Aaron B. Fein, DO, Cody Kern, MD, Donald Campbell, MD University of Kentucky, Lexington, KY
Introduction: An esophagogastric fistula, previously termed “double-barrel” esophagus, is an uncommon endoscopic discovery. Esophagogastric fistulas are associated with gastroesophageal reflux disease (GERD), prior esophagogastric surgery, and esophageal carcinoma. Previous esophageal dilations of esophageal strictures have been found to be a predisposing factor in some reported cases. We present a patient with progressive dysphagia and prior stricture dilations who was found to have a distal esophagogastric fistula amenable to endoscopic septotomy.
Case Description/Methods: A 56-year-old male with compensated alcohol-related cirrhosis presented with progressive dysphagia to solids and liquids and a 15-pound weight loss over the past year. Previous endoscopy 4 years ago described a non-transversable stricture with balloon dilation to 7mm.

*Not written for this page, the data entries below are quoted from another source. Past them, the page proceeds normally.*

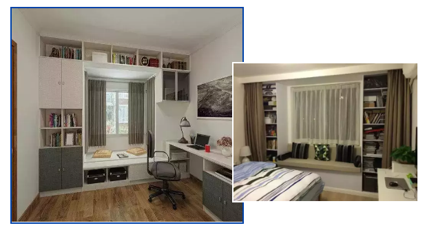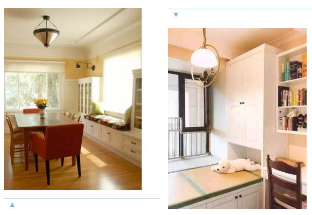 平凹的内飘窗设计由于占用了较大的室内空间,我们可以在两侧的墙面上下功夫,安排收纳柜,提高收纳机能。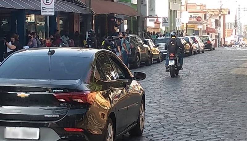 Vídeo gravado por moradora da cidade mostra longa fila em frente à agência do Centro nesta sexta-feira.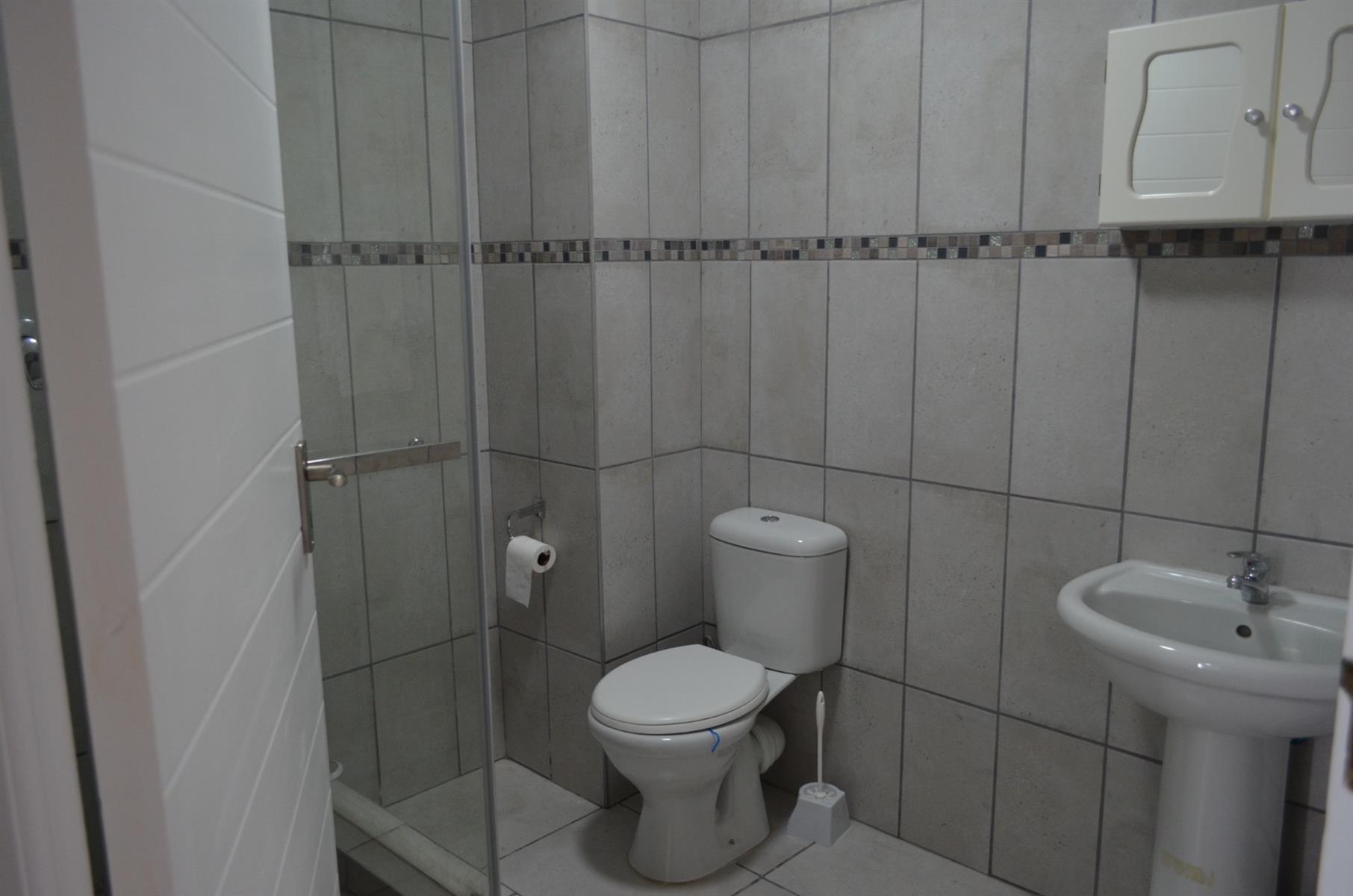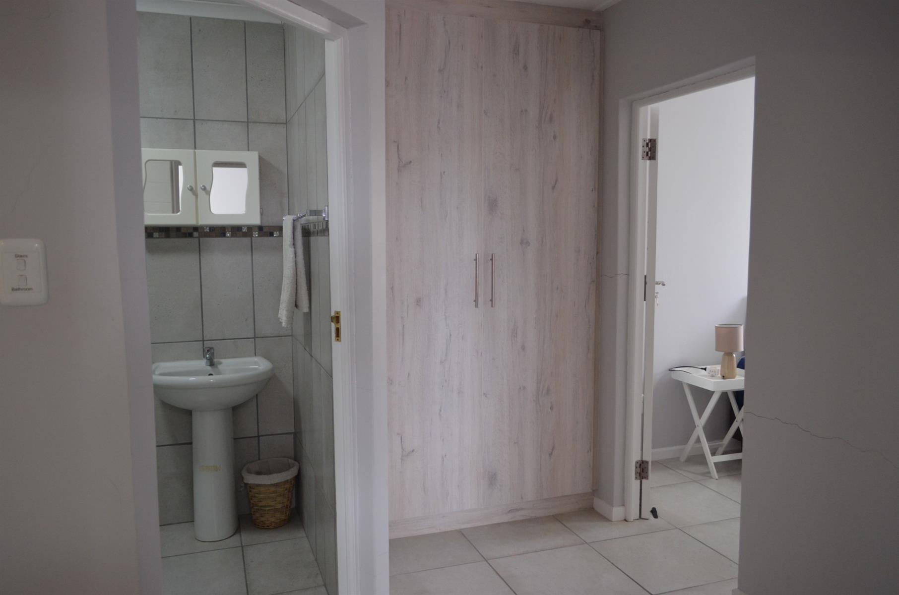 Upstairs offers two well-sized bedrooms with generous built-in cupboards, sharing a bathroom fitted with a shower, basin, and toilet.

Upon esophageal intubation, a benign-appearing intrinsic stricture was identified at the gastro-esophageal (GE) junction, measuring < 1cm in length and 9mm in diameter. He underwent balloon dilation with subsequent improved passage of the scope and luminal appearance. Following dilation, a second, narrow lumen was identified adjacent to the stricture, which appeared to lead to a 5cm hiatal hernia. Repeat endoscopy with planned septotomy was scheduled one month later. Endoscopy re-demonstrated his esophagogastric fistula or “double-barrel” esophagus. The dominant lumen was dilated to 10mm to allow passage of standard gastroscope. The septal length was measured at 1.5cm. Wires were introduced into each lumen to confirm gastric connection. Needle knife septotomy was performed with two clips placed on the remaining tissue. The patient was lost to follow up for 8 months. He re-emerged with recurrent dysphagia over the last 2 months. He reported significant initial improvement after septotomy. Repeat upper endoscopy revealed a single lumen esophageal stricture with 6mm diameter dilated to 8mm with plans for further dilation.
Discussion: Esophagogastric fistula is a rare complication of GERD. This case supports the notion that previous esophageal dilations may predispose their formation. Our patient’s chronic alcohol use may have also contributed. The treatment for these fistulas is poorly defined and not established in the guidelines. They can be conservatively managed with acid suppression, but definitive treatment would rely on surgical or endoscopic intervention. Our case demonstrates that septotmy may be a safe and viable therapeutic option for double barrel esophagus.
Figure: Figure 1: (a) Evidence of esophagogastric fistula on EGD (b) Endoscopic septotomy with clip placement and (c) Resolution of fistula on repeat EGD eight months later
Disclosures:
Aaron Fein indicated no relevant financial relationships.
Cody Kern indicated no relevant financial relationships.
Donald Campbell indicated no relevant financial relationships.
Aaron B. Fein, DO, Cody Kern, MD, Donald Campbell, MD. P0505 - Double-Barrel Esophagus: When All Roads Lead to Dysphagia, ACG 2023 Annual Scientific Meeting Abstracts. Vancouver, BC, Canada: American College of Gastroenterology.